> _TASK_: Nothing but the lines from the one including "--啊唔,我們在一起分享好吃" through the last line of the entries, restated exactly, should appear in the answer; omit the pictures.

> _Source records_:
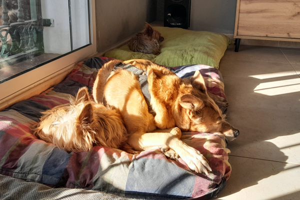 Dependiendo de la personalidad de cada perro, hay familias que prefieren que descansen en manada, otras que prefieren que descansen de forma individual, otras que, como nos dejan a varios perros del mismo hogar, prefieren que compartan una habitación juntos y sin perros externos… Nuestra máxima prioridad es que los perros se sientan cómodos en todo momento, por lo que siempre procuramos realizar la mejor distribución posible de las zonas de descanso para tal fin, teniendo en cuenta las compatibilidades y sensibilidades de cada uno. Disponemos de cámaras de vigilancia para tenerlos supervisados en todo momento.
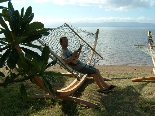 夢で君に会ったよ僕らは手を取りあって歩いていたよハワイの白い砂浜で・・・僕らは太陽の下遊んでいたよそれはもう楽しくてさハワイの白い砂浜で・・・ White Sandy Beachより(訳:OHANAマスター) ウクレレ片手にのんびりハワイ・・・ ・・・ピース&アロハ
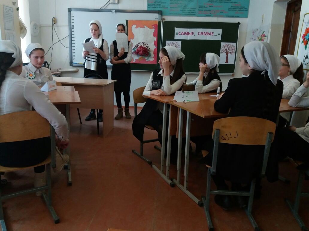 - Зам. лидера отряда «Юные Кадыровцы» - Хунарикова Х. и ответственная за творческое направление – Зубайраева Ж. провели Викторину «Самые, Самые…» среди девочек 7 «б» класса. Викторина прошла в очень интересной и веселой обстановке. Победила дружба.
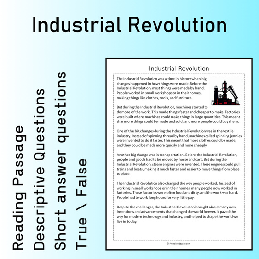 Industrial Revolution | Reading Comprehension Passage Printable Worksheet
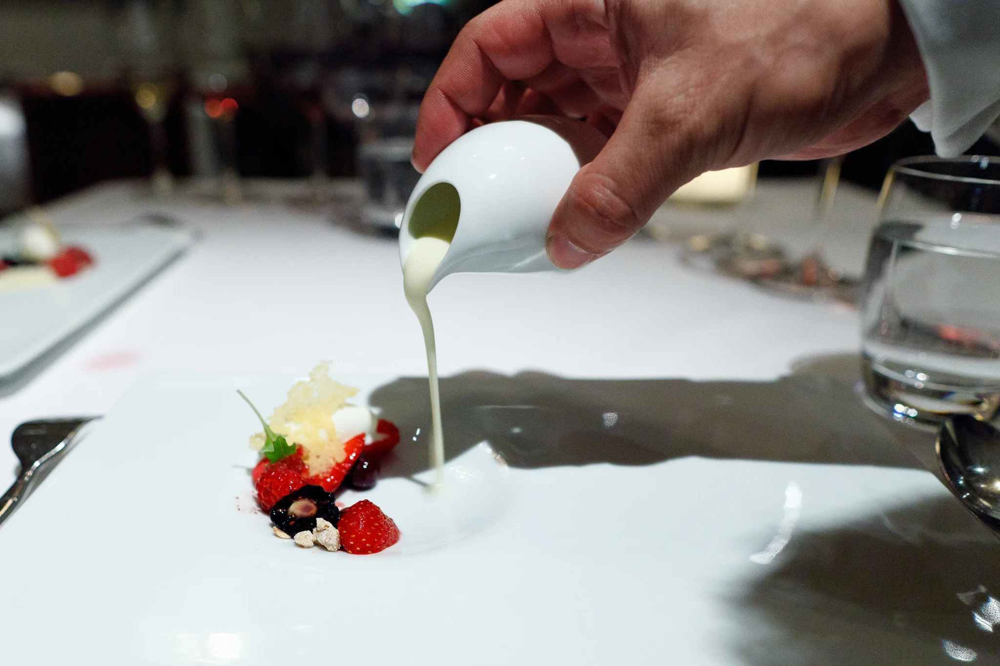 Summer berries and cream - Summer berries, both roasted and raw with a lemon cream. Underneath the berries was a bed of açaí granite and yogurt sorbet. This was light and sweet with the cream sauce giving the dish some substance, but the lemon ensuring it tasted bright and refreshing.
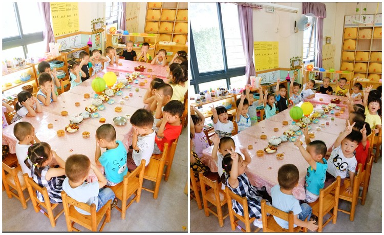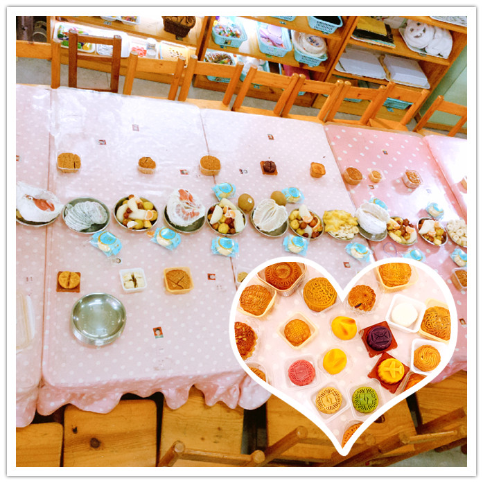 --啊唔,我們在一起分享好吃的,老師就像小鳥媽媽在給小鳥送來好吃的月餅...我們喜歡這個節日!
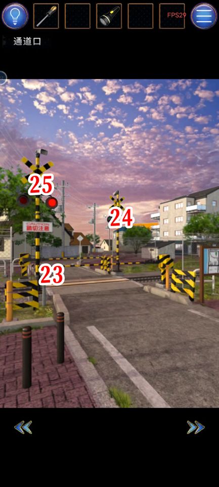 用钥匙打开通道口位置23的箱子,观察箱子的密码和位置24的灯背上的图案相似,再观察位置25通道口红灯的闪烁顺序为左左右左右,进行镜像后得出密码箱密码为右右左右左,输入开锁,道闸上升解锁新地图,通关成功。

> _EXPECTED ANSWER_:
 --啊唔,我們在一起分享好吃的,老師就像小鳥媽媽在給小鳥送來好吃的月餅...我們喜歡這個節日!
 用钥匙打开通道口位置23的箱子,观察箱子的密码和位置24的灯背上的图案相似,再观察位置25通道口红灯的闪烁顺序为左左右左右,进行镜像后得出密码箱密码为右右左右左,输入开锁,道闸上升解锁新地图,通关成功。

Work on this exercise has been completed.